LevelCheck registration performance in real fluoroscopy. (a) Mean projection distance for images acquired at various C-arm angles, θ, about the nominal AP view (b) Fluoroscopy images acquired at θ = −35°, −20°, 0°, 20°, 35° overlaid with the estimated label for each spine level (all of which were within 1 mm of the true level location).

Figure 12

An example failure case. The image corresponds to the single failure (1/50,000) observed for the CMA-ES optimizer parameter setting λ=120. The overlay of estimated level labels (yellow) are seen to be displaced from the true levels (cyan) by one vertebra.

Figure 13

One slice of the search space in the failed registration shown in figure 12. The plot shows the GI similarity metric between the fluoroscopy and DRRs computed at a pose T(α)=T_est+α(T_true−T_est), where T_est and T_true are the estimated and true pose, respectively (see 2.4. for detail).
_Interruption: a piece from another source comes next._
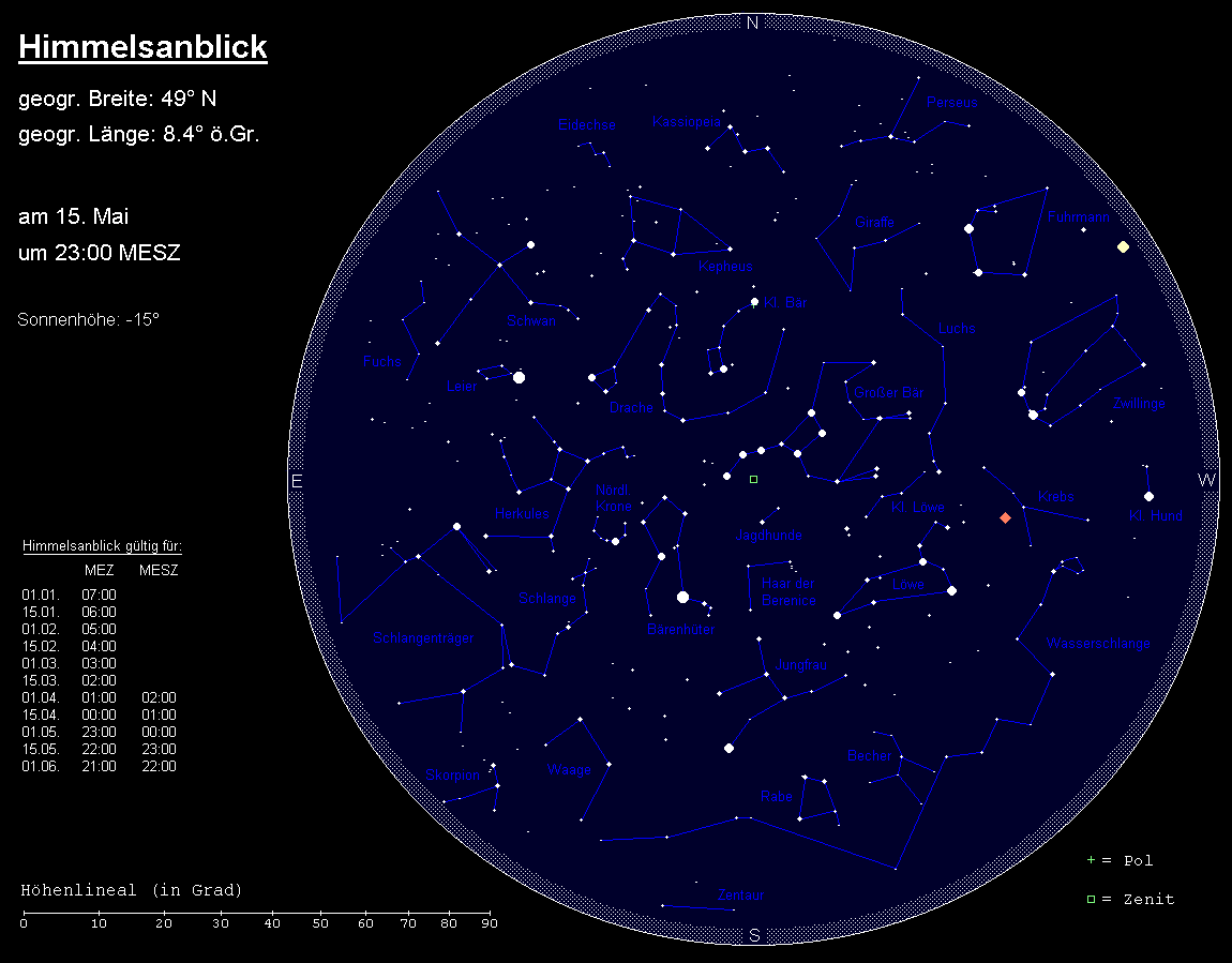Zur Standardbeobachtungszeit (24:00 MESZ am Monatsanfang, 23:00 MESZ zur Monatsmitte und 22:00 MESZ am Monatsende) steht der Große Wagen über unseren Köpfen im Zenit. Er ist der auffälligste Teil des größeren Sternbilds Großer Bär. Unterhalb der Wagendeichsel leuchtet das nur aus zwei Sternen bestehende Sternbild Jagdhunde. In der fünffachen Verlängerung der vorderen Wagensterne stoßen wir auf den Polarstern, der stets genau im Norden steht. Er ist der hellste Stern des Sternbilds Kleiner Bär, das außer dem Polarstern noch zwei hellere Sterne aufweist, die nun fast ihre höchste Stellung erreicht haben. Der Gegenpart des Großen Bären, das Sternbild Kassiopeia oder Himmels-W, steht nun tief über dem Nordhorizont.

The shallow local optimum around α=0 caused the optimization to converge at the wrong pose for smaller values of CMA-ES population size.

Figure 14

An example clinical application scenario in pedicle screw placement. Vertebral labels and the planned trajectories defined in the preoperative CT were automatically overlaid onto the simulated fluoroscopy images using the LevelCheck algorithm, (a) AP view and (b) LAT view with LevelCheck labels overlaid in yellow. The algorithm was robust against the presence of screws in fluoroscopy which were present in preoperative CT.